Currently, TCE is only supported with x86 hardware platforms which includes ESXi-x86 and there is certainly a desire to be able to use TCE with Arm-based hardware running on top of ESXi-Arm, especially with inexpensive Raspberry Pi for learning and exploration purposes.

I recently came to learn about a really cool project that is being developed as part of VMware's Office of the CTO (OCTO) for a new Cluster API (CAPI) provider where you can Bring Your own Host (BYOH) that is already running Linux. What really intrigued me about their project was not the fact that they could create a TCE Workload Cluster that comprised of physical hosts but the fact that they were actually running on Arm hardware! 🤩

My immediate reaction was to see if this would also work with just Linux VMs? With some trial/error and help from Jixing Jia, one of the project maintainers, I was able to confirm that this indeed does works using Ubuntu VMs running on ESXi-Arm. What was even more impressive was the realization that this not only works for both physical and virtual Arm Linux systems, but that users could also create a hybrid TCE Workload Cluster that consists of BOTH x86 and Arm nodes! 🤯

I can only imagine the possibilities that this could enable in the future where application(s) could potentially span across CPU architecture, virtual and physical worker nodes which exposes different capabilities that can then be delivered based on the requirements of the application such as GPU as an example.
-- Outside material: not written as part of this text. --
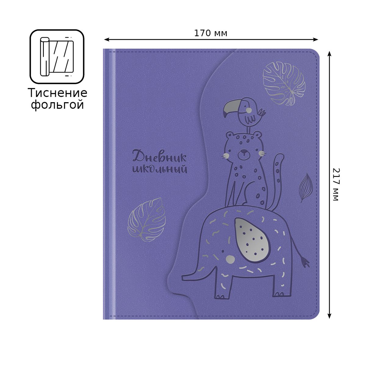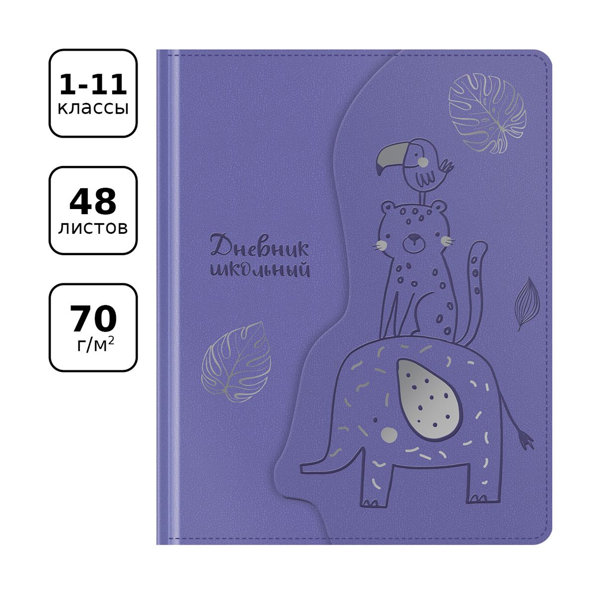 Дневник 1-11 кл. 48л. (твердый) BG "African animals", иск. кожа, тиснение фольгой, фигурный магнитный клапан

It will be interesting to see the types of use cases the BYOH Cluster API Provider will help enable, especially pertaining to Edge computing.

If you are interested in playing with the BYOH Cluster API Provider, check out the detailed instructions below on how to get started. Since this is still currently in Alpha development, there are still a few manual steps and currently there is no native TCE integration. If this is something that is interesting to you, feel free to leave any feedback or better yet, leave comments directly on the Github repo asking for feature enhancements that you would like to see such as native support for TCE 😀

Step 1 - Install Tanzu Community Edition (TCE) Management Cluster using the Managed Cluster option running on vSphere (x86)

Step 2 - Setup Arm VM for TCE Workload Cluster using the latest Ubuntu (21.10) Arm ISO and perform a standard OS installation into ESXi-Arm VM. In my example, I have two VMs called: ubuntu-arm-vm-1 and ubuntu-arm-vm-2, each configured with 2 vCPU, 4GB memory & 16GB storage running on a single Raspberry Pi 4 (8GB).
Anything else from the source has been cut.